◆ **Exercise goal**
Reproduce the data that follows character for character, but omit its pictures.

◆ **Supplied information**
===============
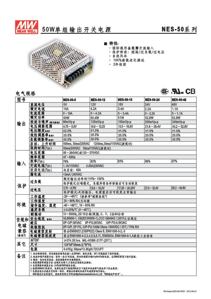 明纬开关电源NES-50系NES-50-5,NES-50-12,NES-50-15,NES-50-24,NES-50-48
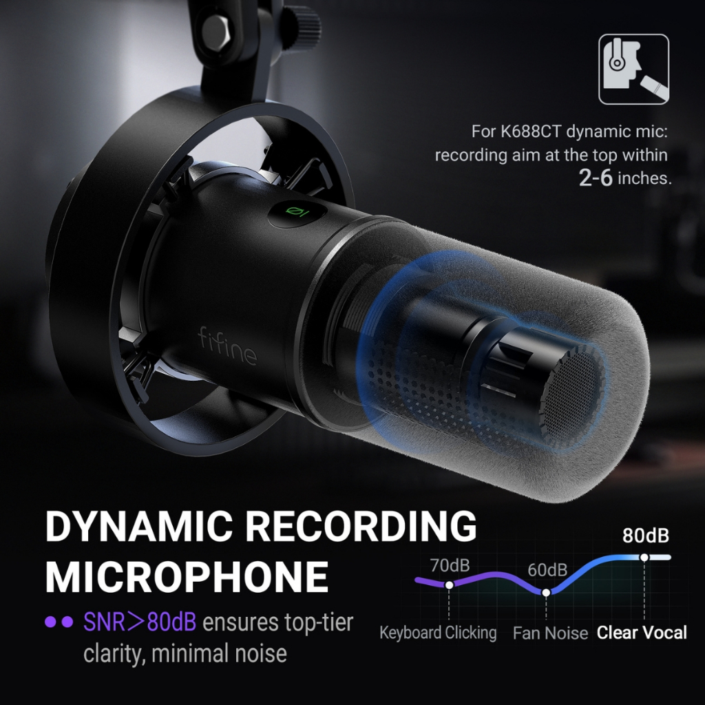 FIFINE K688CT Podcast Microphone Kit, USB/XLR Dynamic Microphone with Boom Arm for PC
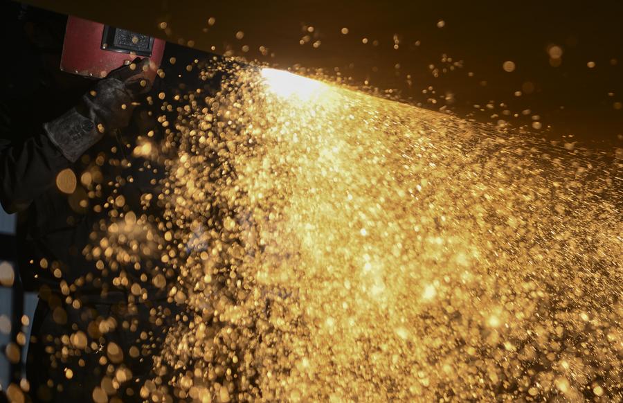 A worker welds at a wind power equipment manufacturing enterprise at the high-tech industrial development zone in Hami City, northwest China's Xinjiang Uygur Autonomous Region, Sept. 10, 2024. (Xinhua/Hu Huhu)
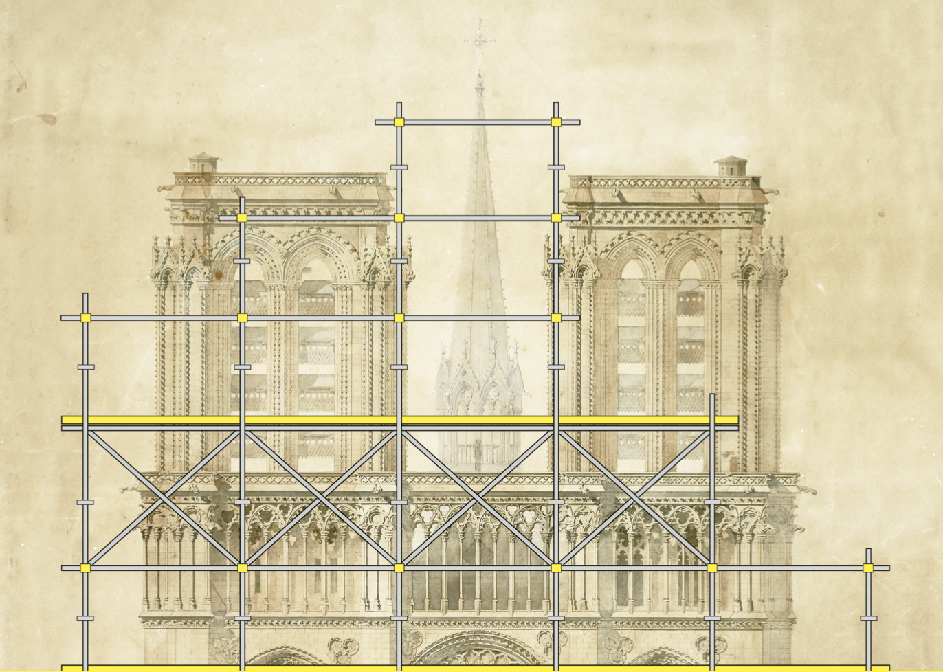 Sur Notre-Dame de Paris, la flèche prend forme. Ce qui enthousiasme Henri d'Anselme, joint par BV.
===============
◆ **Solution to this task**
 明纬开关电源NES-50系NES-50-5,NES-50-12,NES-50-15,NES-50-24,NES-50-48
 FIFINE K688CT Podcast Microphone Kit, USB/XLR Dynamic Microphone with Boom Arm for PC
 A worker welds at a wind power equipment manufacturing enterprise at the high-tech industrial development zone in Hami City, northwest China's Xinjiang Uygur Autonomous Region, Sept. 10, 2024. (Xinhua/Hu Huhu)
 Sur Notre-Dame de Paris, la flèche prend forme. Ce qui enthousiasme Henri d'Anselme, joint par BV.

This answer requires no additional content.